When the statement inside the function body is executed, once the return is executed, the function is executed and the result is returned.If there is no return statement, the function will return the result after execution, but the result is None, which can be abbreviated as return.

Parameters of the function

When defining a function, the name and location of the parameters are determined, and the interface definition of the function is completed. For the function caller, it is enough to know how to pass the correct parameters and what values the function will return. The complex logic inside the function is encapsulated and the caller does not need to know.
Python's function definition is very simple but flexible, and in addition to the normally defined required parameters, it is also variable, default, and keyword parameters.

Location parameters

Calculate the square of a number

def power(x):
    return x * x
>>> power(5)
25
>>> power(15)
225

Calculate the n-th power of a number

def power(x, n):
    s = 1
    while n > 0:
        n = n - 1
        s = s * x
    return s
>>> power(5, 2)
25
>>> power(5, 3)
125

The two values passed in are assigned to x and n sequentially

Default parameters
def power(x, n=2):
    s = 1
    while n > 0:
        n = n - 1
        s = s * x
    return s
>>> power(5)
25
>>> power(5, 2)
25

When a function is called, if n is passed in, the n-th power of x is calculated. If not, n=2, the square of x is calculated.
Note when setting default parameters:
Required parameter first, default parameter later, otherwise interpreter error
When there are multiple parameters, the parameters with large changes are placed in front and those with small changes are placed behind.Small changes can be used as default parameters
When there are multiple default parameters, they can be invoked either sequentially or out of order, but the parameter name must be written.

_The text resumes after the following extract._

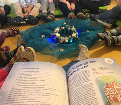 "Jeden Tag setzen wir uns gemütlich in einen Sitzkreis, zünden unsere Kerze an und lesen die Geschichte. Anschließend wird immer ein Namenszettel gezogen.

def enroll(name, gender, age=6, city='Beijing'):
    print('name:', name)
    print('gender:', gender)
    print('age:', age)
    print('city:', city)
>>>enroll('Adam', 'M', city='Tianjin')

Points easily encountered by default parameters:

def add_end(L=[]):
    L.append('END')
    return L
#Normal calls will not cause problems
>>> add_end([1, 2, 3])
[1, 2, 3, 'END']
>>> add_end(['x', 'y', 'z'])
['x', 'y', 'z', 'END']
#If called continuously, errors will occur with default parameter results
>>> add_end()
['END']
>>> add_end()
['END', 'END']
>>> add_end()
['END', 'END', 'END']

Every call, the default parameter is an empty list. Why does the function seem to remember the last'end'added?
The reason is that when a Python function is defined, the value of the default parameter L is calculated, that is, [], because the default parameter L is also a variable that points to an object []. If the content of L is changed, the content of the default parameter will change the next time it is called, and it will no longer be at the time of the function definition.So, one thing to keep in mind when defining default parameters is that the default parameters must point to the same object!
Modifying the example above can be done with None

def add_end(L=None):
    if L is None:
        L = []
    L.append('END')
    return L
>>> add_end()
['END']
>>> add_end()
['END']

Variable parameters

As the name implies, a variable parameter means that the number of parameters passed in is variable and can be one, two,.Even zero.
An example is calculating the sum of the squares of a set of numbers:

def calc(numbers):
    sum = 0
    for n in numbers:
        sum = sum + n * n
    return sum
#Invoke requires a list or tuple to be passed in
>>> calc([1, 2, 3])
14
>>> calc((1, 3, 5, 7))
84

With variable parameters, functions and calls look like this:

def calc(*numbers):
    sum = 0
    for n in numbers:
        sum = sum + n * n
    return sum
>>> calc(1, 2)
5
>>> calc()
0

You can see that just by adding a * before the parameter when defining the function, the parameter is not passed in as a list or tuple when called.
If you already have an array, you can do this if you want to call a variable parameter:

>>> nums = [1, 2, 3]
>>> calc(*nums)
14
Keyword parameters

Variable parameters allow you to pass in zero or any number of parameters that are automatically assembled into a tuple when a function is called.Keyword parameters allow you to pass in zero or any parameters with parameter names, which are automatically assembled into a dict within the function.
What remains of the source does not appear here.